If n is an integer >1, is 3^n-2^n divisible by 35?

(1) n is divisible by 15.
(2) n is divisible by 18.

How you like this one?

Explanation to follow.


we need to split 35
35 = 27 + 8

(1) 3^15n-2^15n = (3^3)^5n - (2^3)^5n = 27^5n - 8^5n

considering n to be 1 (odd) we get that 27^5 ends with a 7, and 8^5 ends with an 8. so the last digit will be 9 .

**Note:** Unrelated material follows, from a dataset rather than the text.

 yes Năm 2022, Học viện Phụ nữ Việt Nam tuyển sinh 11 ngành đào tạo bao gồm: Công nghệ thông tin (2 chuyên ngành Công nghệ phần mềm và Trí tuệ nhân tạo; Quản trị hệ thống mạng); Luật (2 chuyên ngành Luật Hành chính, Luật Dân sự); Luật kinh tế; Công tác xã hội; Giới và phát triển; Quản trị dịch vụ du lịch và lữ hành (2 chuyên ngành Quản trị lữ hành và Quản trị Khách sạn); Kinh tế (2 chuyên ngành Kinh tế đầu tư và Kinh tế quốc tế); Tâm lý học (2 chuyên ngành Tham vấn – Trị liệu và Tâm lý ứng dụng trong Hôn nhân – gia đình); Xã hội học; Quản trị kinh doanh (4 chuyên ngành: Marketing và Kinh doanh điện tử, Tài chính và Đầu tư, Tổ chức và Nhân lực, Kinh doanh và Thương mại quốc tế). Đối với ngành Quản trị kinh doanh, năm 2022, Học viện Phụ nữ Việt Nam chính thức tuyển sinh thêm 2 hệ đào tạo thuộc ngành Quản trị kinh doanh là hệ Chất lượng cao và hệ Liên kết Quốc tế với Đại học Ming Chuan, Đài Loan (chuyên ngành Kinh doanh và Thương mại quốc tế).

35 cant divide a number ending with 9 :)

consider n to be even now, say 2 i.e. 27^10 - 8^10 .

now we will need some corollaries we get from the binomail theorem. if we have a number as a^n - b^n

then if n is odd , the number is divisible by a - b
if n is even, the number is divisible by a + b

so this makes 27^10-8^10 divisible by 27 + 8 = 35.

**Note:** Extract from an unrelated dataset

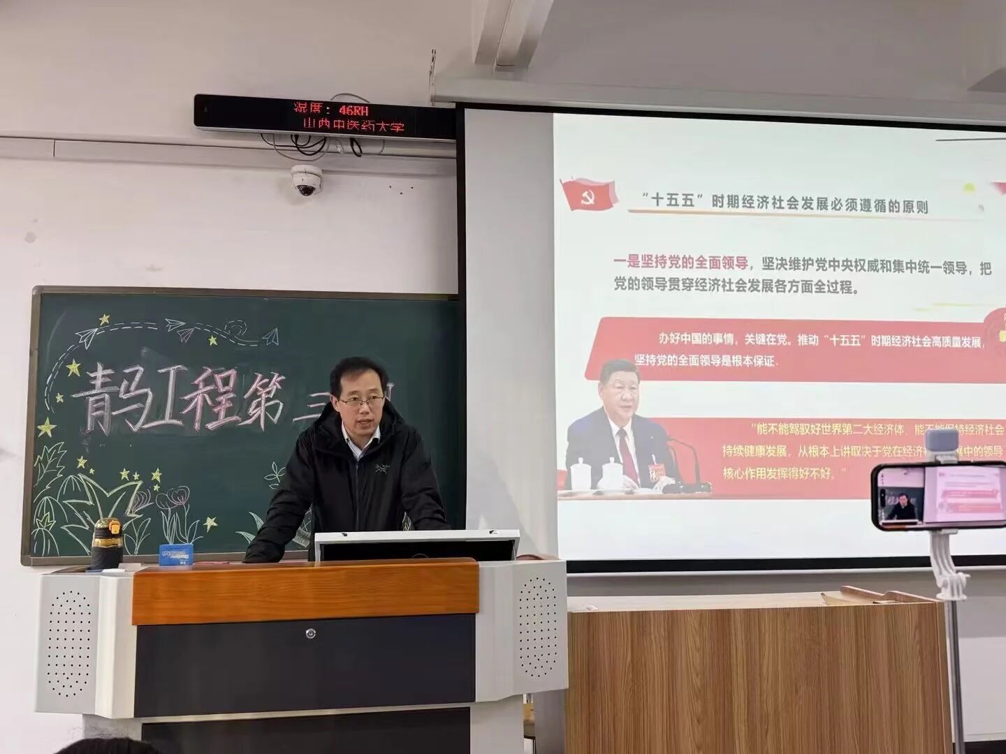 任剑锋副书记围绕党的二十届四中全会精神与“十五五”规划展开,先介绍了2025年10月召开的党的二十届四中全会的时代背景、核心成果与重大意义,随后详细解读了“十五五”规划建议的总体框架、指导思想、主要目标、遵循原则及重点任务,聚焦科技创新、民生改善、共同富裕、区域协调等核心战略与政策导向,阐述了规划实施的保障机制、发展前景,以及深入学习贯彻全会精神的实践要求。

thus an even value of n will make the term 3^15n - 2^15n divisible by 35, while an odd value will not be divisble

So 1 is insufficient.

By using the above mentioned rule we can infer that 3^18n-2^18n (27^6n - 8 ^6n) will always be divisible by 35 as the index will always be even.

So 2 is sufficient .

So B.


Exactly. +1 to you.

RULE: for x^n-y^n:
\(x^n-y^n\) is ALWAYS divisible by \(x-y\).
\(x^n-y^n\) is divisible by \(x+y\) when n is even.


If n is an integer >1, is \(3^n-2^n\) divisible by 35?

(1) n is divisible by 15. --> \(3^{15m}-2^{15m}=27^{5m}-8^{5m}\) --> 5m may or my not be even, so insufficient to answer, whether it's divisible by 27+8=35.

(2) n is divisible by 18. --> \(3^{18m}-2^{18m}=27^{6m}-8^{6m}\) --> 6m is even, so 3^18m-2^18m=27^6m-8^6m is divisible by 27+8=35. Sufficient.

B.

jax91 can you please tell me whether this question was too hard for GMAT?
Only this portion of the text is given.